My ability to remember song lyrics from the ’80s far exceeds my ability to remember why I walked into the kitchen. Aging is strange. Did you know outside of Orcas, humans are the only other mammal that have the longest post procreation, and for women, postmenopausal stage in life? It’s kind of cruel in a way. Our brain wants to live in its prime when we were at the top of our social game, where we could go out three times a week while holding a full-time job and be at the top of our physical health, where we could carry things without pain and bike all day and not need a week to recover. And for some of us where our marriages were at their peak before the work set in.
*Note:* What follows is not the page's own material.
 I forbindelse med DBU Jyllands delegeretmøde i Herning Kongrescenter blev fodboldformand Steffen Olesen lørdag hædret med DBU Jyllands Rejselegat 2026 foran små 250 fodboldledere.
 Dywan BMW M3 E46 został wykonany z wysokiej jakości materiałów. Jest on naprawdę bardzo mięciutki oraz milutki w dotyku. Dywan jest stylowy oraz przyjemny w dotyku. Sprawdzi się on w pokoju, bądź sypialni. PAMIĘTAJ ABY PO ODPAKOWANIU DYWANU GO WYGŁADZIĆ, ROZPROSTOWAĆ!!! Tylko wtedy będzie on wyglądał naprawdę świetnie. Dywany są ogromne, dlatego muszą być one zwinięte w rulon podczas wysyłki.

Our brains are meant to emphasize those times in our life because at a base level those are the things we needed to survive, not unlike our ancestors remembering things like “Oh yeah, bears like to eat us, we shouldn’t be friends with them,” and “There’s a clean source of water where we won’t get dysentery and die.” These were the skills we needed for survival. And we still experience them albeit on a different cognitive level.
American culture in particular, worse with the advent of influencers, seem to be perpetually chasing youth when in reality our brain and our bodies are meant to change. And I use that word specifically instead of decline. Other cultures around the world, we are the revered aunties and uncles that the youth come to when they aren’t able to talk to their parents or the younger employees asking how to manage a situation because we’ve already been through it. We need to start embracing this time as being a fount of wisdom as opposed to a dried up well. This is why I think it’s always a good idea to have friends that are younger and older than yourself. You can stay in touch with the times and understand the present but also have that wisdom of anticipating the future, positive or not, so it won’t be a surprise when you get there.
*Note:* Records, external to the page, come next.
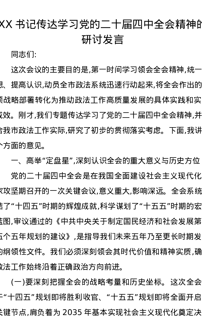 XX书记传达学习党的二十届四中全会精神的研讨发言
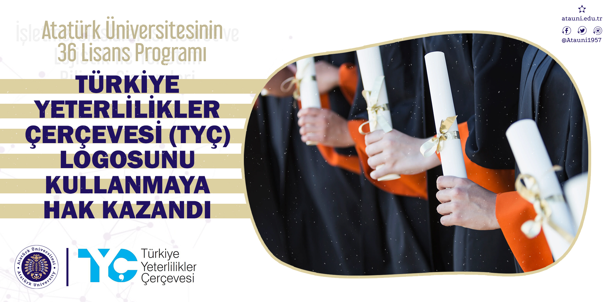 The 36 undergraduate fields of Atatürk University are authorised to utilise the logo of the Turkish Qualifications Framework (TQF).
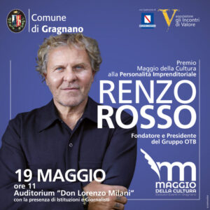 L’imprenditore Renzo Rosso sarà premiato come Personalità Imprenditoriale del “Mese della Cultura” di Gragnano, edizione 2023. La cerimonia di premiazione si terrà il 19 maggio presso l’Auditorium Don Lorenzo Milani in via Quarantola. Il premio, realizzato dall’artista Domenico Sepe, verrà consegnato dal Comune di Gragnano, con il Patrocinio della Regione Campania, e con il supporto della kermesse Gli Incontri di Valore.
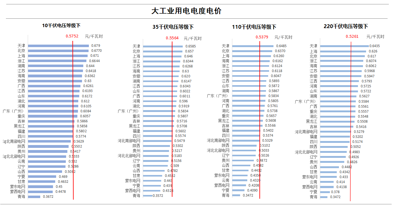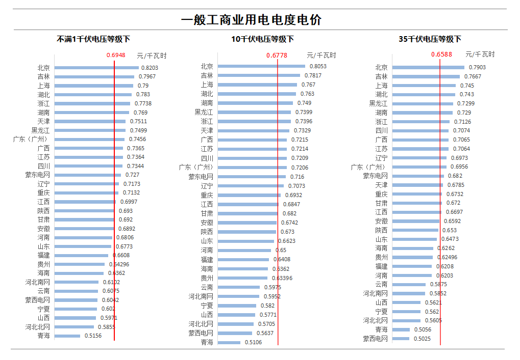 不滿1千伏電壓等級下,全國平均電價約為0.6948元/千瓦時,其中,北京最高為0.8203元/千瓦時,青海最低為0.5156元/千瓦時。
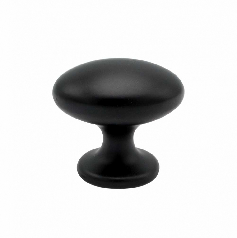 Cabinet knob 401 in matte black is an oval-shaped knob in a country style that fits perfectly in a classic or country kitchen. Knob 401 is part of the Beslag Designs Care range, which is a series of knobs and handles which are protected from a coating of bacteria through a surface treatment with antibacterial properties. This reacts and kills bacteria on the painted surface with as much as 85% in 15 minutes and 99.5% in 2 hours. A more hygienic product results in the number of transmitted bacteria being reduced both to the user and products in its immediate environment.
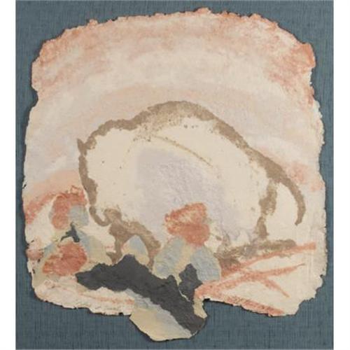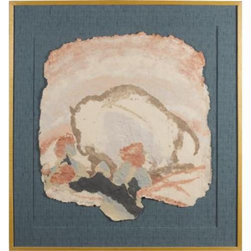 <B>May Good</B></I><BR><I>Buffalo at Sunset</B></I>, 1989<BR>Paper on aqua silk<BR>43-1/2 x 40 inches<BR><BR><b>Shipping:</b> Requires 3rd Party Shipping (<a target="_blank" href="http://www.heritageauctions.com/common/shipping.php">view shipping information</a>)
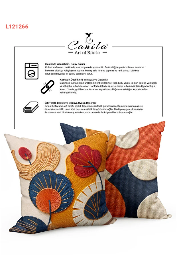 استمتع بإطلالة جديدة لمنزلك مع غطاء الوسادة CANİLA المُزخرف بتصميمات تجريدية رائعة، والذي يضفي لمسة من الأناقة على أي غرفة. مصنوع من قماش عالي الجودة ومطبوع بتقنية رقمية، يأتي هذا الغطاء بقفل سري مزدوج الجوانب، مما يسهل عليك تغييره حسب أجواءك ورغباتك. اجعل كل جلسة مريحة وعصرية مع هذا الاختيار المثالي!
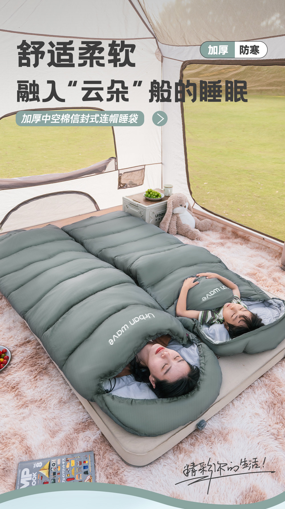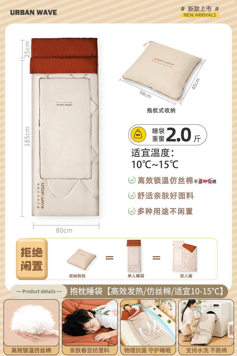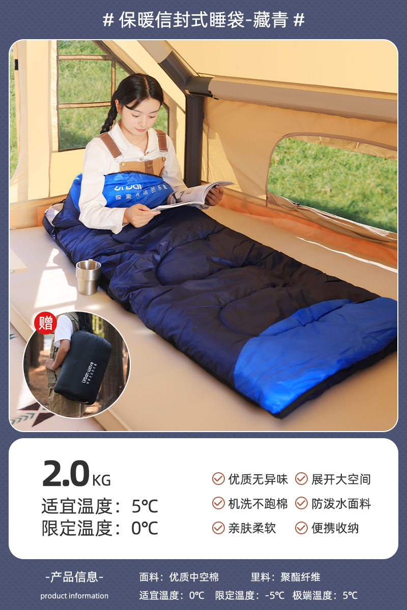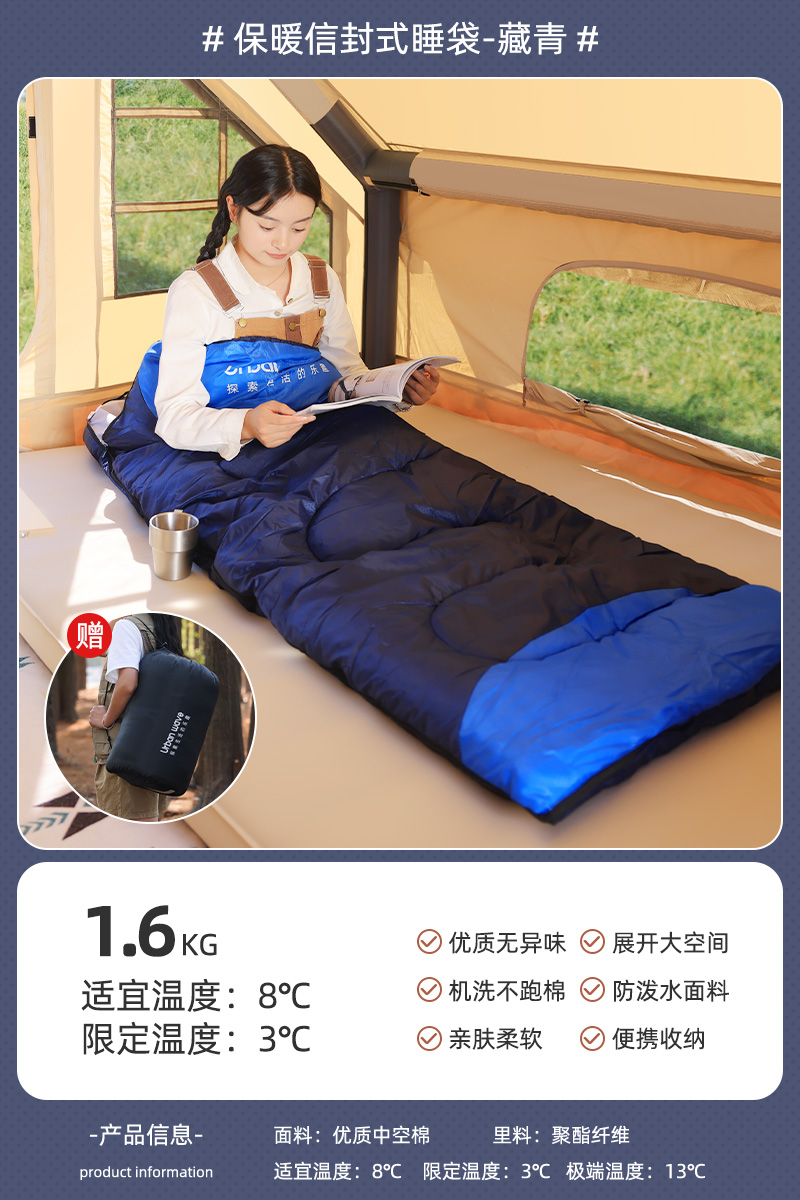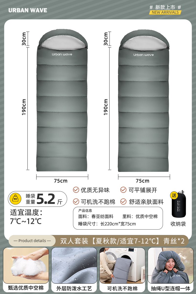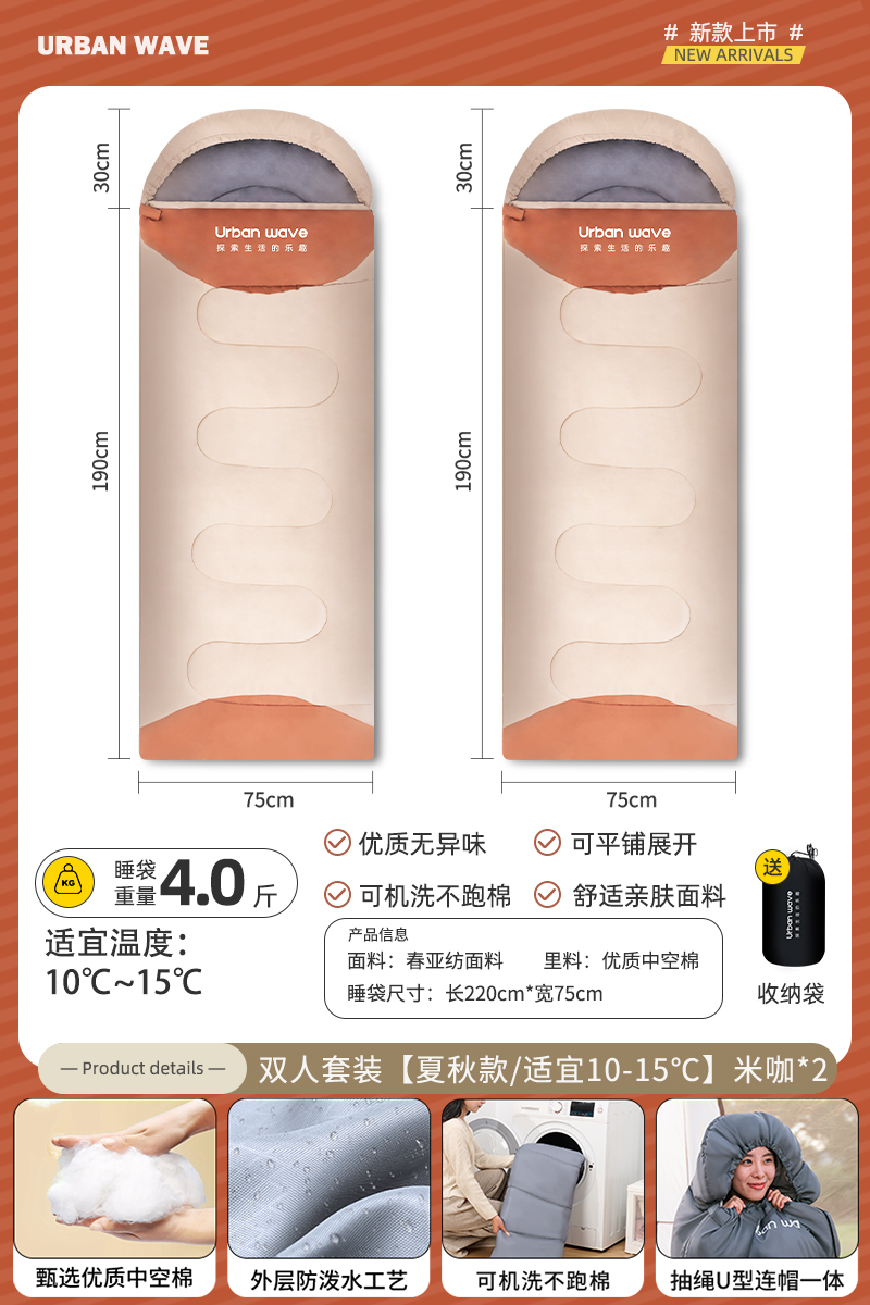 城市波浪睡袋秋冬款成人加厚防寒冬季双人睡袋露营户外办公室午休

Do I like aging? Hell no. It annoys the fuck out of me because I can’t remember the lyrics to that Squeeze song. And I can’t go ski the back bowls for hours on end without needing to sleep in and pop ibuprofen like m&ms the next day. But I’m learning to embrace the suck and revel in the wisdom and experience that I’ve lived a pretty freaking full life in these 56 years. I’m reading a book called “Why We Remember” by C.Ranganath, PhD. He discusses one of the major reasons for cognitive decline is not challenging the plasticity of our brain to learn new things. Getting set in patterns and predictability and routine is actually detrimental to our memory as we age. We need to challenge ourselves. It’s when we struggle that our brains learn the most. Which is why this year I’ve challenged myself become more fluent in Spanish again and attempting to learn Korean because my guilty pleasure is watching a K-drama during my off weeks.
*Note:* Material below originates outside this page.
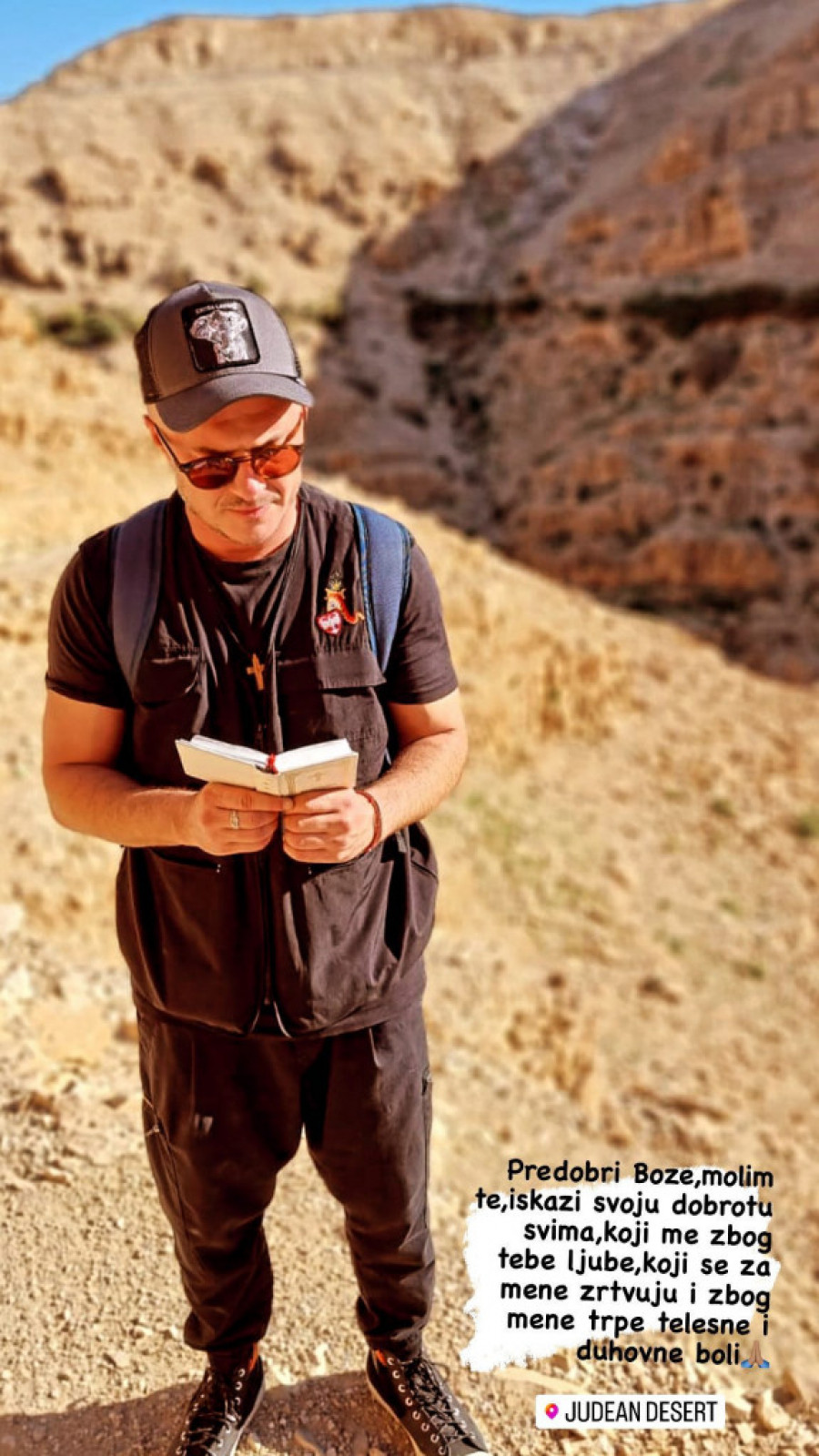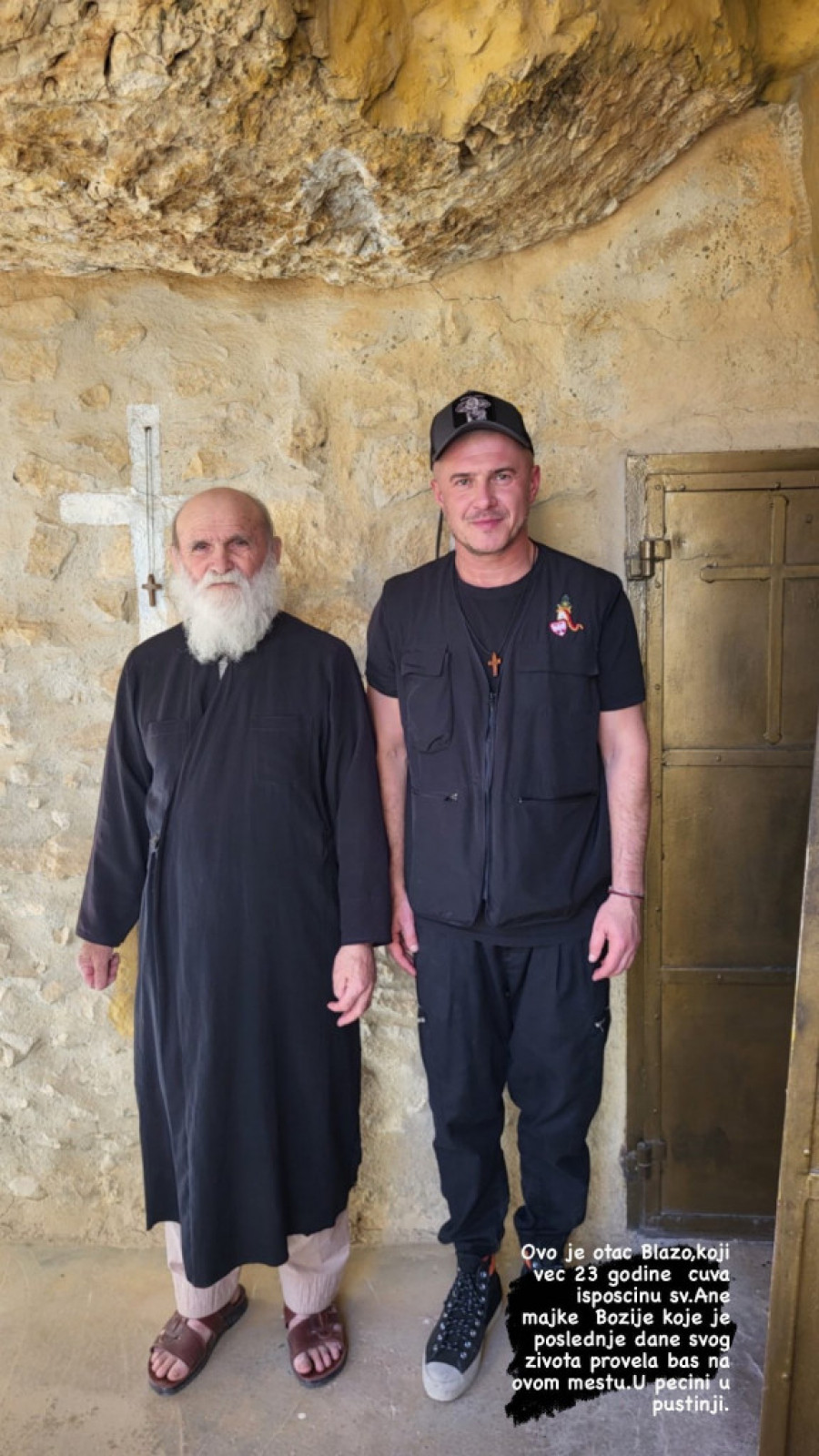 “Ovo je otac Blažo, koji već 23 godine čuva isposnicu svete Ane majke Božije, koja je poslednje dane svog života provela baš na ovom mestu. U pećini, u pustinji,” napisao je uz fotografiju sa hodočašća.

My lesson is this, fight for your health, forget about chasing youth. We’re not built that way. Protect your body AND your brain. I am totally convinced my grandfather lived into his mid-90s because he did a crossword puzzle everyday, puttered in his shop and ate the freaking pie. I don’t feel my age but it’s okay on days that I do. I am the healthiest I’ve been in a decade and blessed to have people that have traveled with me along the way, whether for a moment or a while. Drink your water, find happiness in the present, and recycle when you can. Thanks for sharing my journey.